Using the shell method, the volume is given exactly by the definite integral,

2\pi\displaystyle\int_0^1x(1+9x^3)\,\mathrm dx

Splitting up the interval [0, 1] into 5 subintervals gives the partition,

[0, 1/5], [1/5, 2/5], [2/5, 3/5], [3/5, 4/5], [4/5, 5]

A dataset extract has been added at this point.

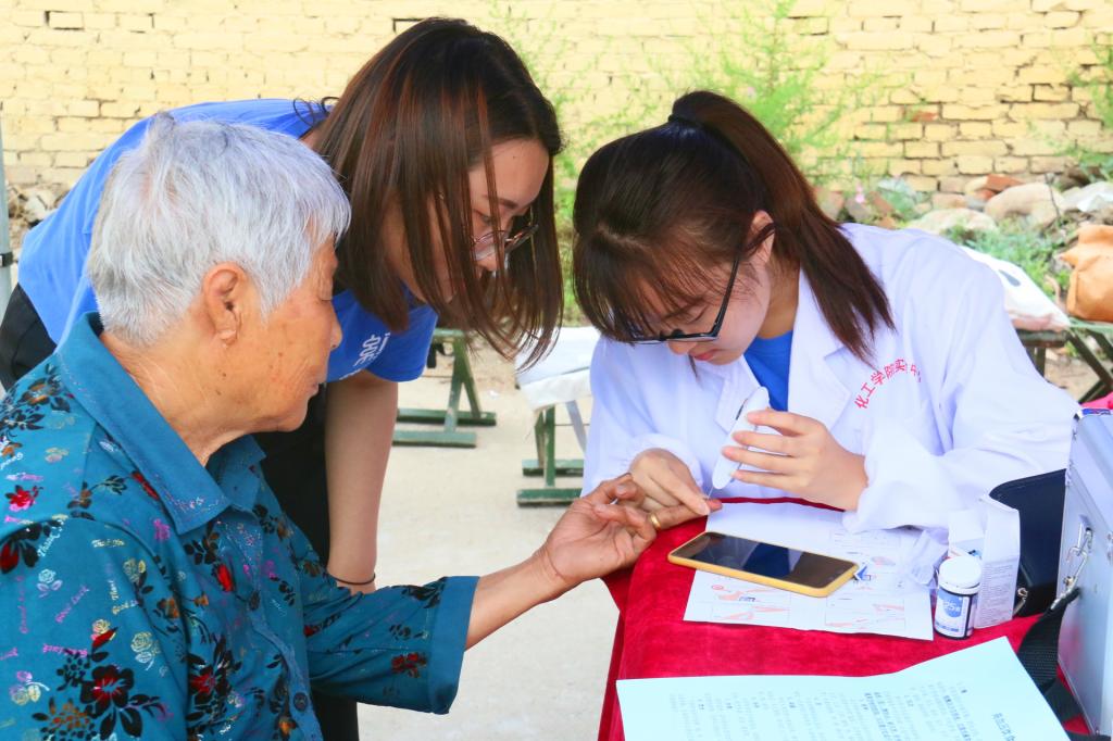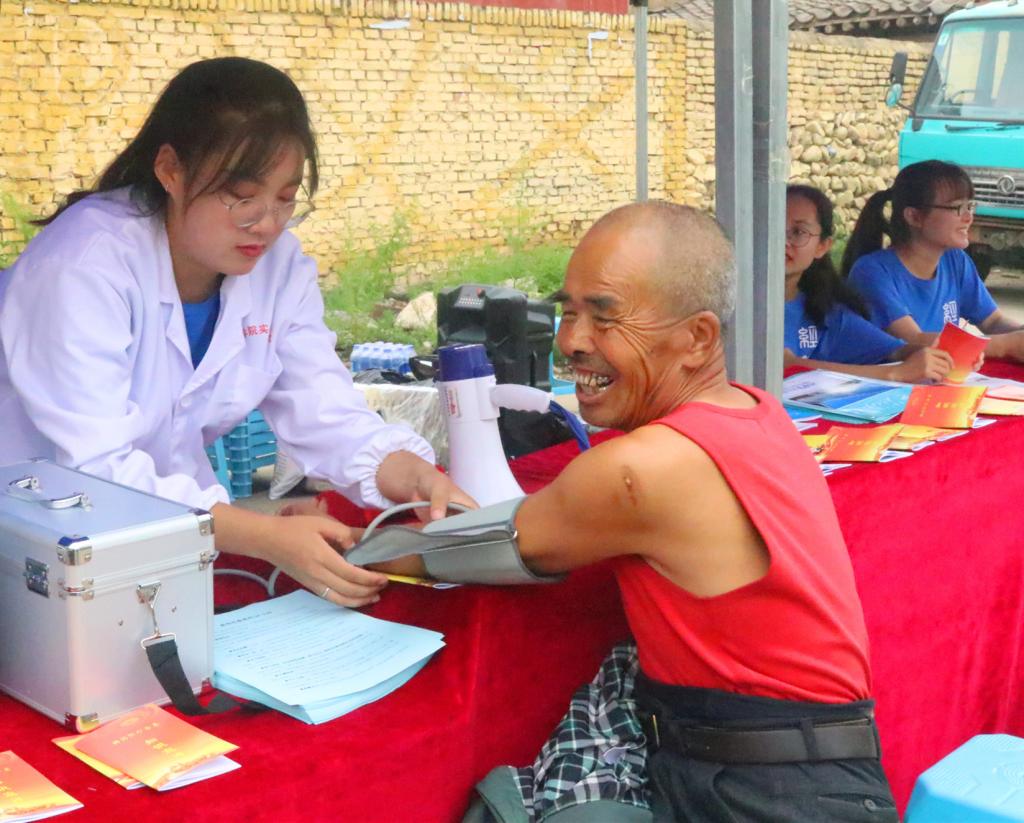 实践队一行走访、慰问贫困户。重点围绕家庭致贫原因和实施精准扶贫政策后家庭脱贫情况展开问卷调查,发放医疗卫生知识宣传册,进行金融知识宣讲,赠送教具和字画,义务测量血压、免费发放药品等。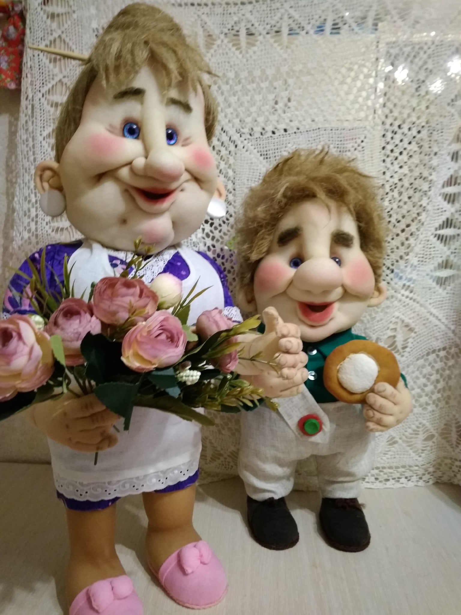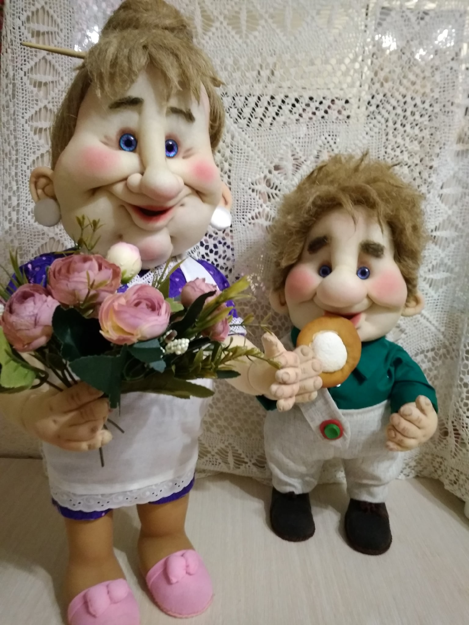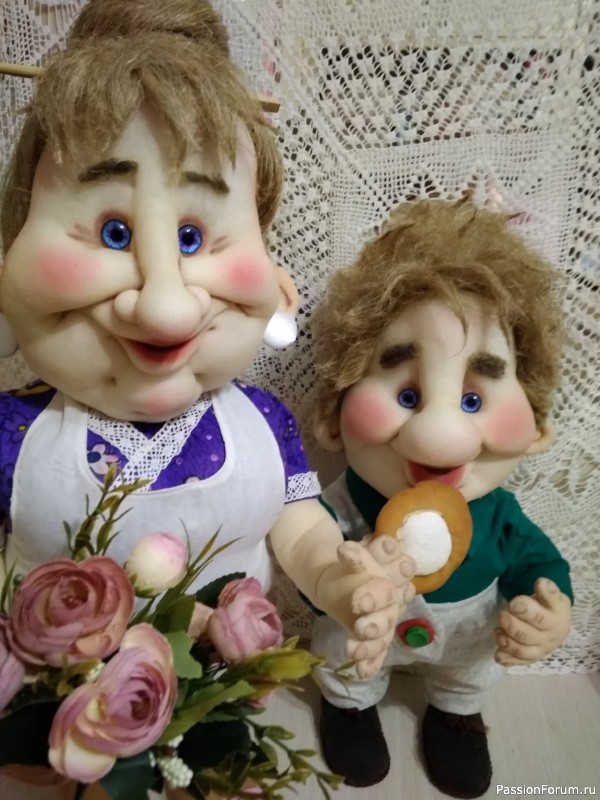 Татьяна, ваши персонажи просто збежали с экрана из мультика! Живые, нарядные, эмоциональные — парочка замечательная! Труда много вложено, мастерство на отлично!

with left and right endpoints, respectively, for the i-th subinterval

\ell_i=\dfrac{i-1}5

r_i=\dfrac i5

where 1\le i\le5. The midpoint of each subinterval is

m_i=\dfrac{\ell_i+r_i}2=\dfrac{2i-1}{10}

Then the Riemann sum approximating the integral above is

2\pi\displaystyle\sum_{i=1}^5m_i(1+9{m_i}^3)\frac{1-0}5

\dfrac{2\pi}5\displaystyle\sum_{i=1}^5\left(\frac{2i-1}{10}+9\left(\frac{2i-1}{10}\right)^4\right)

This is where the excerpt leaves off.